Sederhananya, nilai demokrasi terlalu banyak menggeser nilai-nilai yang hidup di masyarakat. Bukannya hendak membahas ulang akan sejarah masa silam yang penuh pengorbanan dalam mendirikan negara demokratis, akan tetapi bila dilihat dari bentuk substansinya, toh tujuannya untuk mensejahterahkan. Bila demikian, apa salahnya bila nilai-nilai yang dahulu hidup seperti menokohkan seseorang yang dianggap suci, suku dikepalai oleh seseorang, kembali dihidupkan. Tujuannya agar semua masyarakat lebih erat dalam berkomunikasi dan lebih dekat dengan pemimpinnya yang bisa mendengar segala keluh dan kesahnya.
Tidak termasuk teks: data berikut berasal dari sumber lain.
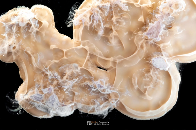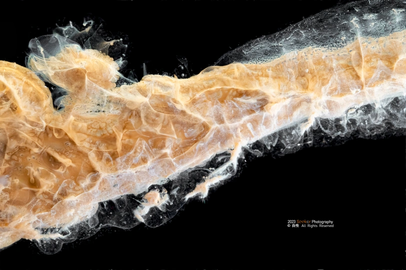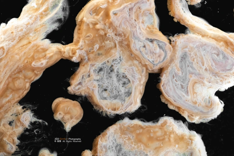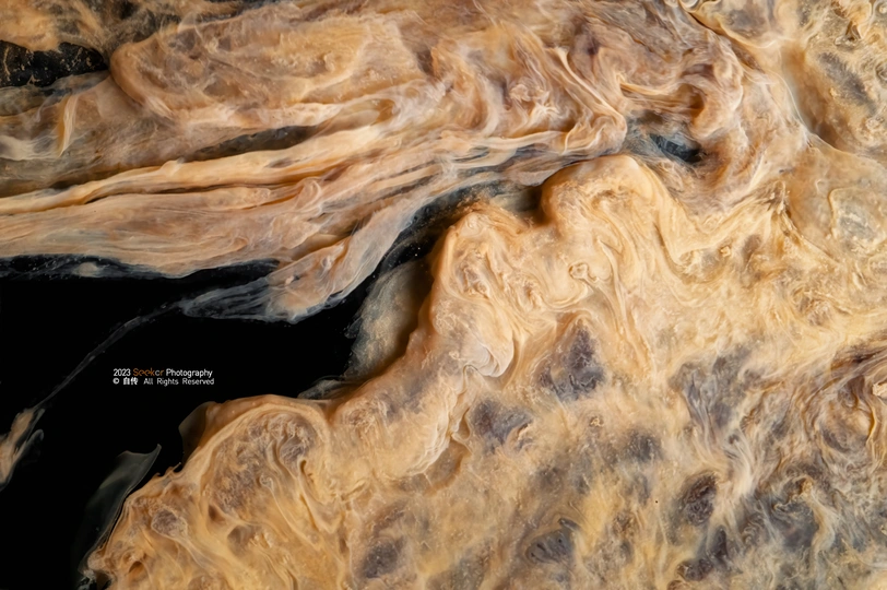 化学摄影,将台子优化了之后,进行了第二次尝试,这次选用了较为贵重的硝酸银进行试验,硝酸银在碱性条件下生成氢氧化银沉淀,而后又迅速分解生成氧化银棕色沉淀,通过多次调整溶液浓度和混合方式得到了以下四张成片,有点像木星表面 反应方程式如下:AgNO3+KOH→AgOH↓+KNO3 2AgOH→Ag2O+H2O 大千世界,化学得我心,用微距摄影反映出我眼中的微观化学世界,也是完成了我的一个心愿。 📷:Nikon z6ll+LAOWA 100mm f2.8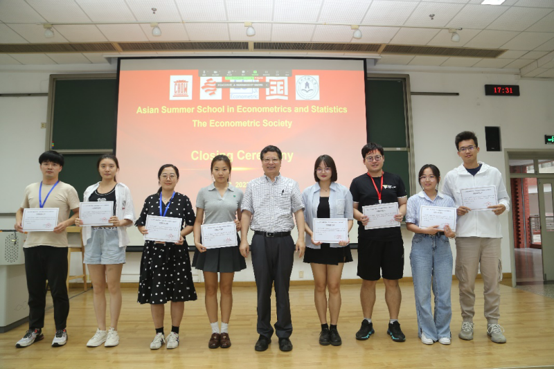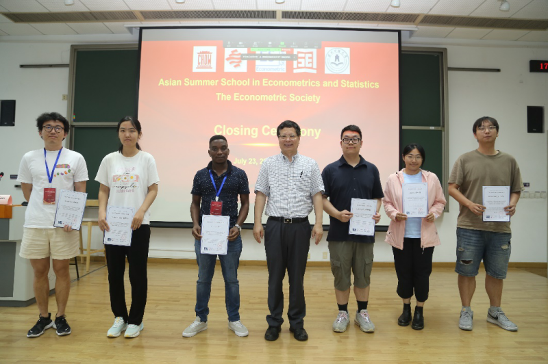 最后,洪永淼教授和高集体教授为学员颁发了结业证书,为志愿者颁发了荣誉证书,2023世界计量经济学会“亚洲计量经济学和统计学暑期学校”圆满落幕。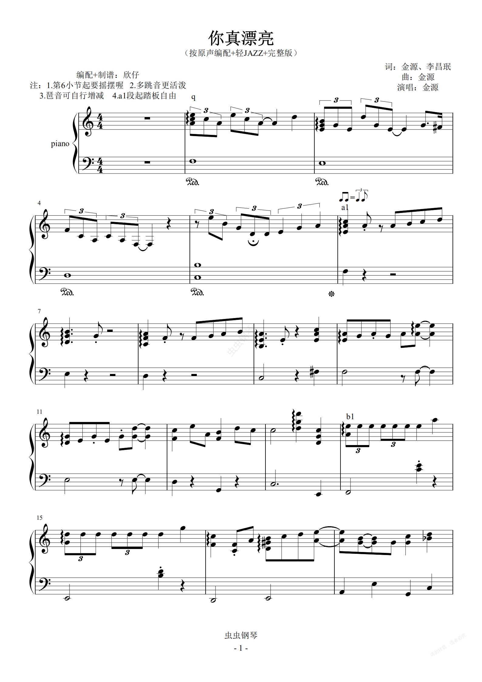 钢琴谱:C-你真漂亮/이쁘다니까《孤单又灿烂的神-鬼怪》OST(轻JAZZ+完整版)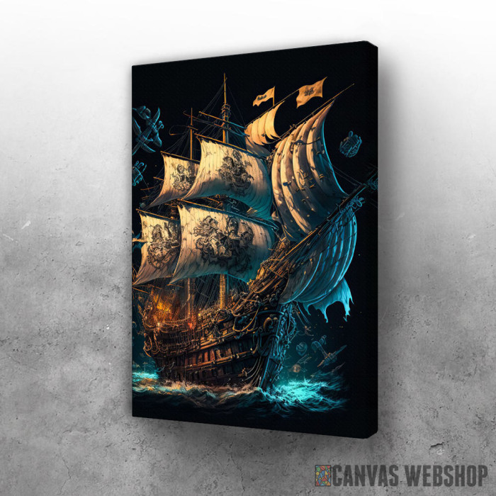 Piratski brod sa otvorenim jedrima je slika odštampana na kvalitetnom pamučnom platnu koje je zategnuto na ram od bukovog drveta. Slika Piratski brod sa otvorenim jedrima je dostupna u različitim dimenzijama.

Pendapat di atas terdengar sangat utopis bukan? Bagaimana mungkin merubah bentuk negara kembali ke sejarah masa silam dimana kerajaan-kerajaan yang ada di Nusantara begitu mudah dikalahkan oleh penjajah sebab mereka terpecah-pecah. Sebenarnya, saya hanya ingin membangunkan para mahasiswa, agar lebih melek dengan keadaan sekitarnya. Jangan hanya sibuk dengan kegiatan yang sifatnya individualistis. Tapi bagaimana agar “bahasa-bahasa” yang belum terdengar di masyarakat diterjemahkan oleh mahasiswa sebagaimana kelompok penekan, agar masyarakat mengerti mana yang menjadi hak dan kewajibannya sehingga mereka tidak lagi menjadi seekor kelinci.
Atau jangan-jangan, mahasiswa juga termasuk seekor kelinci?